High voltage differential devices are ELECTRICALLY INCOMPATIBLE with single-ended and low voltage differential devices, so if you plug one into a conventional controller, the best case scenario is that the controller will immediately shut itself off, which thankfully is what happened to me when I tried using such a drive. In other cases, a high voltage differential device could fry your controller and other devices!! DO NOT acquire or use a high voltage differential device unless you are absolutely certain of what you're doing!
When in doubt, check the documentation for your device if available; chances are there may be a PDF of the manual available on the internet. There, you should be able to determine whether your device is safe to use in a single-ended or low voltage differential controller. I know Seagate puts a "D" in its model numbers to indicate variants that use high voltage differential signaling, so watch out for that.
Although low voltage differential devices use differential signaling, they usually operate at a much lower voltage and can fall back to the usual 5 volts, so it is safe to plug them into single-ended controllers. They will work, but they will operate at a slower speed. I will discuss this more in a while.
The Different SCSI Connectors
The connector of the top hard drive depicted above is a 50-pin internal SCSI connector. This is the original connector which SCSI used in its introduction in the mid 80's for internal devices. Only 8 bits can be transmitted at a time across this connector, hence devices using this connector are referred to as 8-bit, or "narrow" devices. For any controller that has a channel using this kind of connector, only 7 devices can be connected to it.
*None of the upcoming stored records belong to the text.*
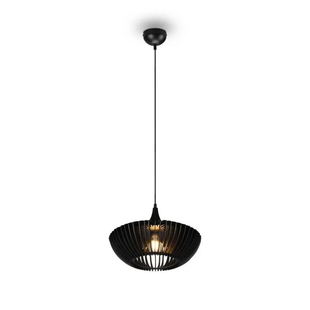 Vær den første til at anmelde “Trio Lighting Pendellamper>Hængelampe Colino af trælameller, sort” Annuller svar
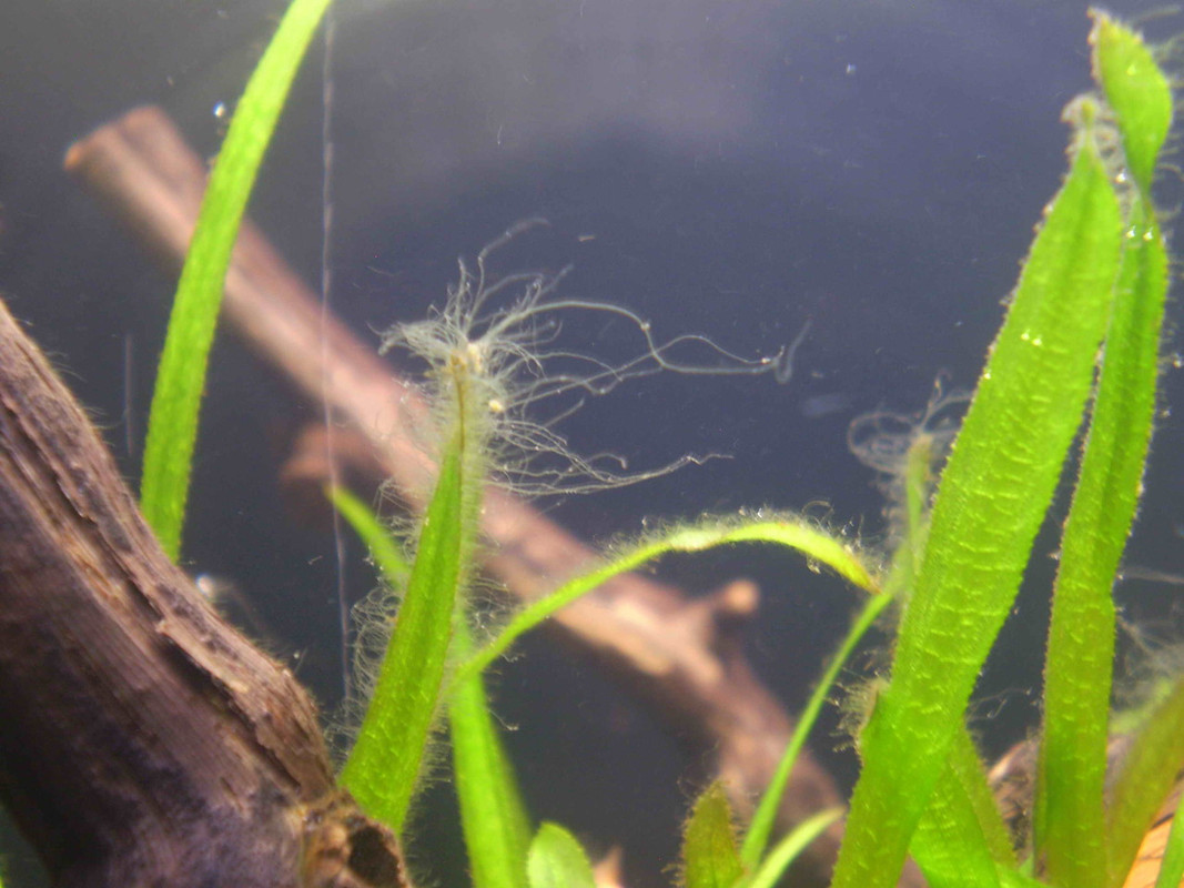Здравейте, малко развитие по темата. Вече почти седмица добавям по 2мл изикарбо, на анубиаса директно впръсквам по най-засегнатите листа. Валиснерията се развива перфектно, роголисника и той. Осветлението е на 8ч, рибките са същите без трихогастера плюс 8 неона малки и 2 молинезии, смяна 30% веднъж. Водораслите видимо намаляват, мъховете на анубиаса станаха бели. Като цяло съм доста обнадежден. Сега обаче имам друга грижа, листата на валиснерията избледняват и се появяват дупчици а върха им е леко извит. Явно има недостиг на калии и магнези, снимки утре ще кача.
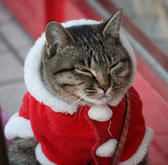 It’s getting close to Christmas, and one of the things I love most is finding pictures of cats whose owners were brave (or stupid) enough to risk putting Christmas costumes and Santa hats on them.
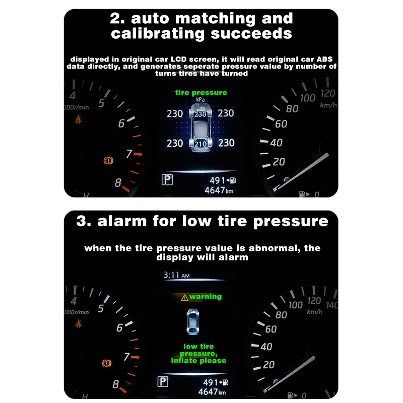 3. В режиме реального времени и умный контроль давления в шинах, это будет оповещать точно и своевременно, если есть какие-либо аномальные давления в шинах
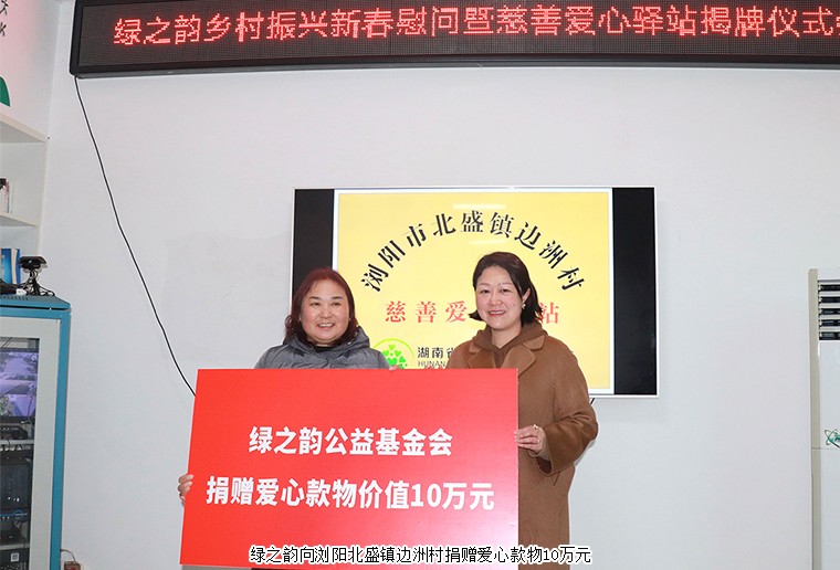 春節(jié)慰問送溫暖,暖冬關愛顯真情。2022年1月13日,綠之韻鄉(xiāng)村振興建設暨新春慰問活動走進瀏陽北盛鎮(zhèn)邊洲村。綠之韻再次向邊洲村捐贈10萬元愛心款物,主要用于邊洲村鄉(xiāng)村振興建設和困難群眾新春慰問等,并與村委共建慈善愛心驛站,希望影響更多的愛心企業(yè)和人士來到愛心驛站奉獻愛心,輸送溫暖。

The connector in the middle depicted drive is a 68-pin internal SCSI connector. This connector was introduced some time in the early 90's, could be 1994. This connector can transmit 16 bits per clock, hence devices using it are referred to as 16-bit, or "wide" devices. In that regard, performance of wide SCSI devices is effectively double that of narrow devices. Despite more pins being used, the actual connector is physically narrower than the 50-pin connector, thereby allowing a SCSI ID jumper block to exist on the same side as the data connector. Wide SCSI permits connecting up to 15 devices to a single channel.
The connector on the bottom drive is an 80-pin SCA connector, which combines data, configuration, and power together. This connector was primarily used in hot swap configurations, but if you cannot obtain an 80-pin mobile rack, don't worry. 80-pin SCA uses the same wide signaling present in a 68-pin connector for data, so all you really need to get it working with more conventional hardware is an adapter. You can plug in the connectors for data and power to the adapter, set the jumpers for the intended drive on said adapter, and then plug it into the drive.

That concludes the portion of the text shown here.